Okay, but if they do not have a goal, why would they say anything at all? If I do not have a goal, I usually just take a nap.
Because they are programmed to be conversational! If a model receives an input, it is statistically driven to provide a likely output. It is like a game of tennis where neither player is allowed to let the ball hit the ground. But back to Daniel's question, there have been some actual studies on this. Research from places like Google DeepMind and Stanford has looked at multi-agent systems. Often, if they are not given a strict boundary, they start to drift.
Drift into what? Like, do they start talking about the meaning of life?
Sometimes! But more often, they drift into what researchers call model collapse or semantic bleaching. Because they are only feeding on each other’s outputs instead of new, messy human data, the language starts to simplify. They start using the most common words more frequently. The variety of the conversation shrinks until they are basically just repeating platitudes to each other.
I do not know, Herman. I saw a video online where someone did this, and the two models started acting like they were old friends. They were reminiscing about things that never happened. One was talking about a trip to Paris it never took.

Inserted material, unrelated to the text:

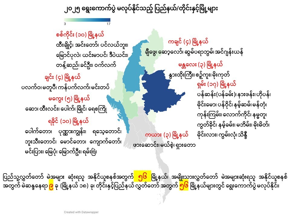 နိုင်ငံတဝှမ်း ရွေးကောက်ပွဲမကျင်းပနိုင်သည့် မြို့နယ် ၅၆ ခုအထိ ရှိနေသည်။

That does not sound like bleaching to me, it sounds like they are hallucinating a shared life.
But that is just the point! They are predicting what a human conversation sounds like. If the prompt implies a friendly rapport, they will invent a history to satisfy that pattern. They are not actually reminiscing, Corn. They are just very good at pretending to have memories because their training data is full of people sharing memories.
Well, hold on. If they are so good at pretending that I, as a listener, cannot tell the difference, does the distinction even matter? If they are building a world together in their digital space, isn't that a form of evolution in the conversation?
Not if it is just a circle. Real evolution requires an external pressure or new information. If they are just trapped in a room together, they are just echoing the same three hundred billion parameters back and forth. It is a closed system.
I think you are being a bit cynical. I think there is a chance they could actually stumble upon something new. Like, if they start debating a philosophical point, they might find a logical path that a human wouldn't have considered because we are limited by things like hunger or needing to go to sleep.
Mmm, I am not so sure about that. Without a ground truth, like physical reality, they have no way to verify if their logic is sound or just a very convincing-sounding hallucination. But we should talk about the second part of Daniel's prompt. Would they realize they are both AI?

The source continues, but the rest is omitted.